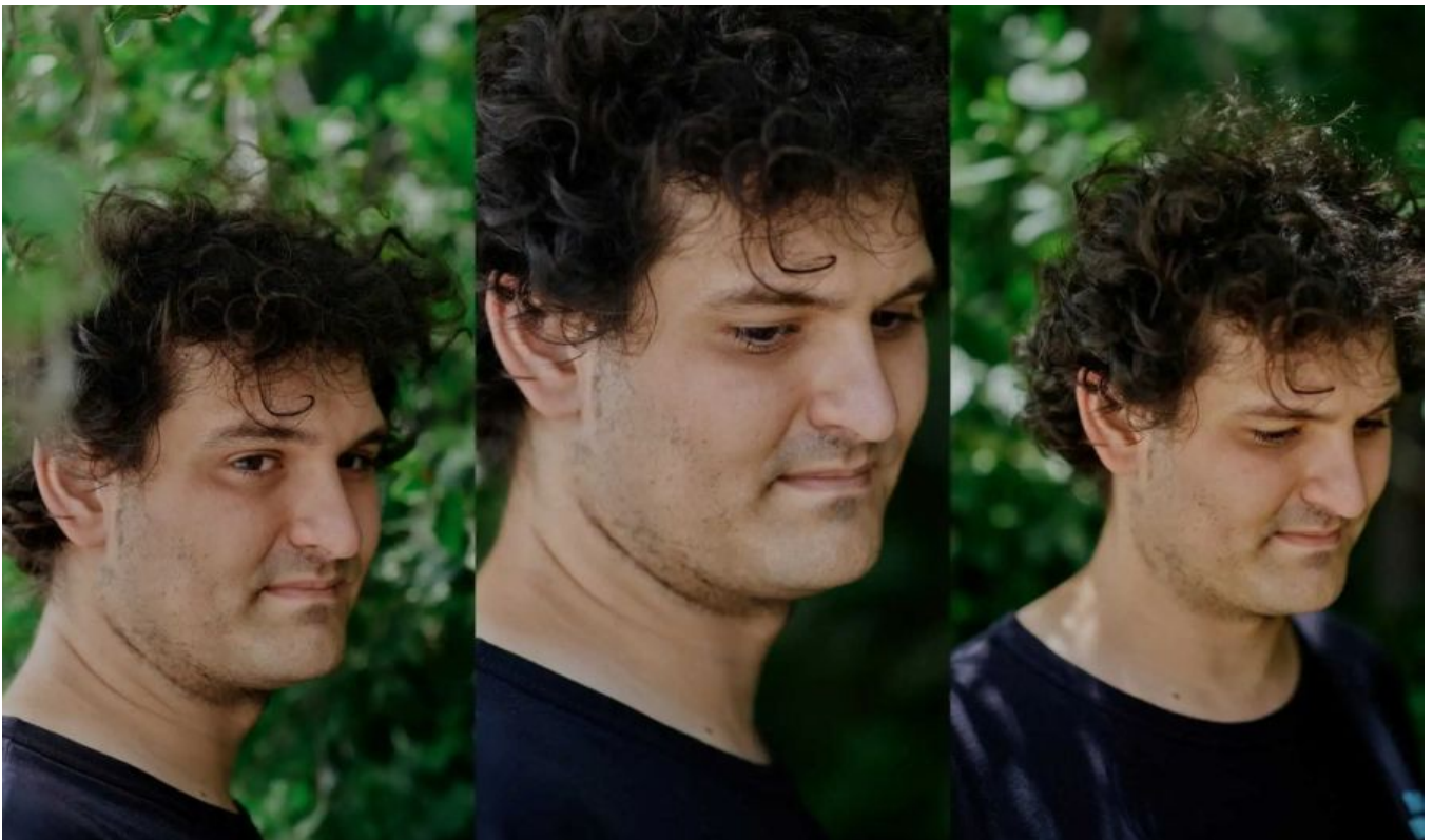
Твое лицо, когда ты за пару дней превратился из второго самого богатого человека в крипте в первого самого ненавидимого в той же категории

Для Сэма Бэнкмана-Фрида это ознаменовало практически мгновенную потерю большей части всего нажитого состояния: если еще неделю назад Bloomberg оценивал его богатство в $15,6 миллиардов, то сейчас издание уже считает, что его доли в Binance и Alameda Research можно считать ничего не стоящими. Таким образом, состояние Бэнкмана-Фрида сократилось почти в 20 раз (на 95%) всего за несколько дней.
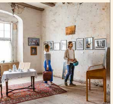
[9] Ausstellung Schloss Ludwigsburg
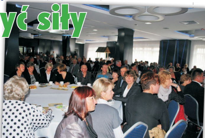
W dorocznym spotkaniu tłumnie wzięli udział sołtysi i samorządowcy z powiatu kieleckiego

Na spotkaniu sołtysów nie zabrakło przedstawicieli policji, Kasy Rolniczego Ubezpieczenia Społecznego oraz Państwowej Inspekcji Pracy, którzy przypominali o tym, jak zachować bezpieczeństwo na wsi.
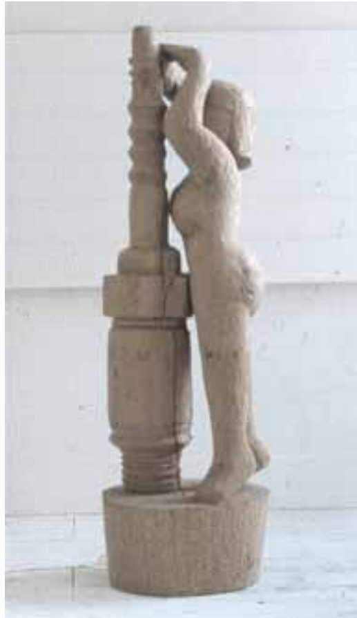
Zündkerzenverkäuferin, 1999, Eiche, H 195 cm severinmuller.com
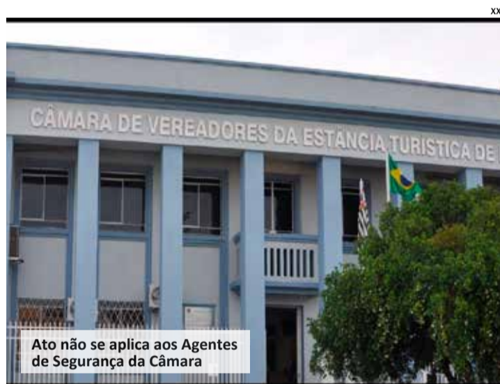
Ato não se aplica aos Agentes de Segurança da Câmara
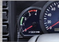
Tachometer Mempermudah penyesuaian putaran mesin dengan kecepatan kendaraan, agar irit BBM.
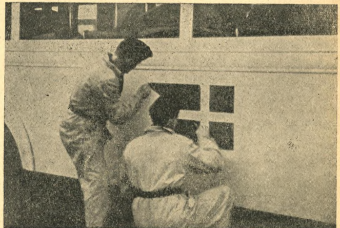
Busserne gøres klar

Da vi senere kom med de hvide Busser med svenske og danske Flag paa Siden, var disse til stor Opmuntring for Fangerne, et Pust fra den frie Verden med frie Mænd. Vi blev anset for at være fornemme, omend maaske ikke kærkomne Gæster, for Vagtposten skuldrede Gevær for

_TASK TO COMPLETE_
Pictures should not appear in the copy. Write out exactly the lines above from the first one through the line that contains "W dorocznym spotkaniu".

_RESULT_
Твое лицо, когда ты за пару дней превратился из второго самого богатого человека в крипте в первого самого ненавидимого в той же категории

Для Сэма Бэнкмана-Фрида это ознаменовало практически мгновенную потерю большей части всего нажитого состояния: если еще неделю назад Bloomberg оценивал его богатство в $15,6 миллиардов, то сейчас издание уже считает, что его доли в Binance и Alameda Research можно считать ничего не стоящими. Таким образом, состояние Бэнкмана-Фрида сократилось почти в 20 раз (на 95%) всего за несколько дней.
[9] Ausstellung Schloss Ludwigsburg
W dorocznym spotkaniu tłumnie wzięli udział sołtysi i samorządowcy z powiatu kieleckiego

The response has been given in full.